A verdade é que há determinadas experiências que são demasiado negativas para vermos um lado positivo nelas e está tudo bem. Não precisamos de estar bem com elas, não precisamos de gostar de as sentir ou gostar que a situação nos tenha acontecido – precisamos apenas de reconhecer que ela aconteceu (e aqui entra a aceitação) e continuar a construção da nossa vida à volta dessa situação, sem a ignorar, mas sem a carregar com o peso que ela poderia ter.
Mas a verdade é que também ninguém nos ensina a lidar com as emoções nem a expressá-las convenientemente, especialmente relativamente às negativas ou mais desagradáveis.
Desde muito pequenos que nos habituamos a ouvir: “Deixa lá!”; “Já passou!”; “Não precisas ficar triste!”; e a minha favorita “Engole já esse choro!”. Para os pais é muito difícil gerir as emoções “grandes” de seres mais pequeninos, quando não sabem nem aprenderam a gerir as suas próprias emoções. Para o adulto é mais fácil travar (muitas vezes porque não aprendeu de outra forma) a emoção da criança na hora, do que a acolher e ajudar a conter, tornando-se co-regulador das emoções do filho até que este aprenda a se auto-regular. Assim, perpetua-se o ciclo de má gestão emocional, pois transmitimos às crianças que ter e sentir emoções negativas e desagradáveis é “mau” e essas emoções devem ser eliminadas. Essas crianças crescem, tornam-se adultos que estão desconectados das suas próprias emoções e que vão ter filhos e o ciclo repete-se novamente. O maior risco para a nossa saúde mental é mesmo esta desconexão com as nossas emoções, é esta desconexão connosco próprios.

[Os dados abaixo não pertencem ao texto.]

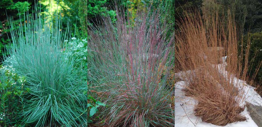 Kaunilt püstine kõrreline mille hallikassinine värvus muutub puhmiku tippus lillakaks. Hilissuvel ehivad puhmikut läikivlilladest seemnepööristest tekkivad kohevad, hõbevalged pähikud. Sügisel on taim roosakas- oranzides toonides. Varakevadel tuleb maapinnalähedalt tagasi lõigata, et uued võrsed saaksid tärgata ja puhmik püsiks kaunilt puhas ja värske.
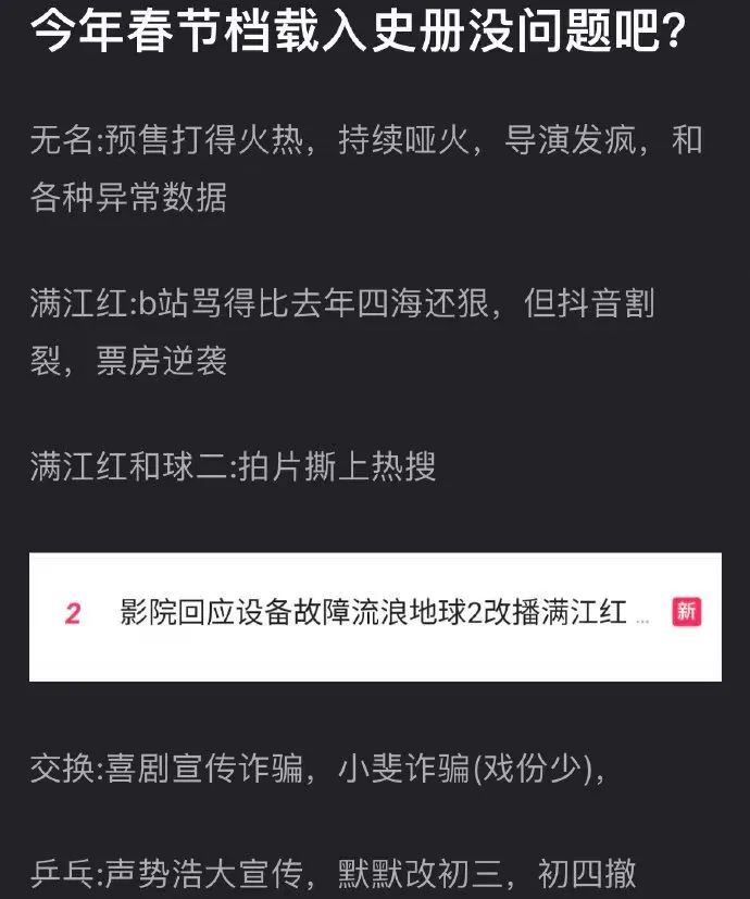 易烊千玺、王一博两位年轻顶流拿到春节档的入场券,吴京携《流浪地球》续作强势入局,这都注定了今年春节档的不平凡,也让各路粉丝和KOL涌入,在各大社区都吵得热火朝天。

Aprender a gerir as emoções de todo o espectro de emoções humanas, acolhendo-as, contendo-as, processando-as e depois libertando-as/expressando-as é fundamental para vivermos bem connosco e com os outros, em família e em sociedade.
Ser optimista e pensar positivo, focando-nos no positivo e nas coisas boas da vida é diferente de tentar “abafar” ou reprimir ou não querer sentir emoções negativas/desagradáveis.
Desta forma, a positividade torna-se tóxica quando em excesso e quando escolhemos ignorar emoções negativas porque não sabemos lidar com elas ou porque achamos que não é suposto senti-las. Para tudo na vida tem de haver um equilíbrio. Por isso vamos ser positivos sim, procurar o lado bom das coisas, mas também vamos permitir-nos viver e experienciar todo o leque de emoções humanas, para que tenhamos a liberdade e a consciência de um dia dizer ” Eu hoje estou triste, mas está tudo bem com isso (reconhecer, aceitar, acolher, expressar). Amanhã é outro dia e terei oportunidade de sentir outras coisas!”